The Palestinian people have had enough, he says. Listing the checkpoints, attacks by settlers, no freedom of movement or freedom to choose a place to live. He fears that if the international community does not allow the Palestinians their freedom, it could ignite a new violent uprising.
“If I could choose, I’d live in Ramallah, but without seeing settlements right outside my window, fearing attacks. I just want safety.”
But even if the Security Council does grant Palestinians statehood, he says, it won’t tear down the separation wall or the checkpoints. And an entirely different issue would arise, because what will happen with the blue identity cards that grant East Jerusalem Palestinians entry to Israel if East Jerusalem becomes the capital of the new state?
“Will I be able to go to Tel Aviv?” he asks.
Spectre of violence
But at the gathering in Beit Jala, Yael Kenan, one of the Israeli organizers of the event, reiterates the speakers’ vow of non-violent resistance. This new tactic seems to be working in the international arena, with Israelis increasingly viewed as aggressors and oppressors, and the Palestinians as the victims.
“Non-violence is an immensely powerful weapon. And if Mahmoud Abbas and the Palestinians are smart enough to keep this momentum, then there’s no greater threat to the occupation.
“They [Israeli soldiers] know what to do when they’re faced with children throwing rocks, or even terrorist attacks, but non-violence will be much more of an embarrassment to the Israeli government, and will garner much more support from the Israeli public.”
But the Israeli army is girding for clashes in the coming days, and heading for the West Bank settlement of Ma’ale Adumim, army trucks can be seen ferrying Merkava battle tanks to the nearest military base. In the settlement’s main shopping mall, mother of three Ofra Shimoni shows both fear and hostility.
“If we don’t give them all the things they want, so Intifada 3,” she says, using the Arabic word for uprising, long part of the Hebrew lexicon. “Things will get worse, they won’t change for the better. I don´t believe they [the Palestinians] should be here, nor that they have a right for a state.”
Back in Beit Jala, tired from the dancing and the adrenaline rush, the Palestinian crowd heads out into the night and the Israelis file onto buses to go back through the army checkpoints to Jerusalem.

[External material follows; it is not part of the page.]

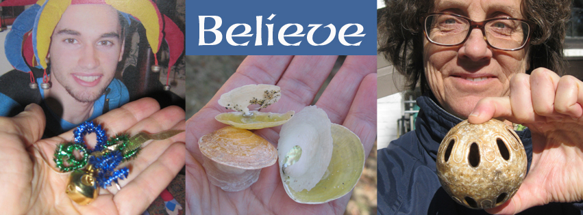 Then I realized that in my hand I held a clue to answer my question. It was as if I were playing a game of charades with some unseen team mate. Sounds like… “Jingle Bells…” Jingle Shells!

Muhammad Farid and Muhammad Musa, a medical student in Cairo and a student of engineering in Hebron respectively, reiterate that even though Friday’s UN gathering will most likely result in a veto, the Palestinians will try again, and again, until they win their independence.
And on the chances of a satisfactory outcome on Friday, which will ultimately be determined by the international community, not least the U.S., they both are still sanguine. Together they chorus: “Inshallah!”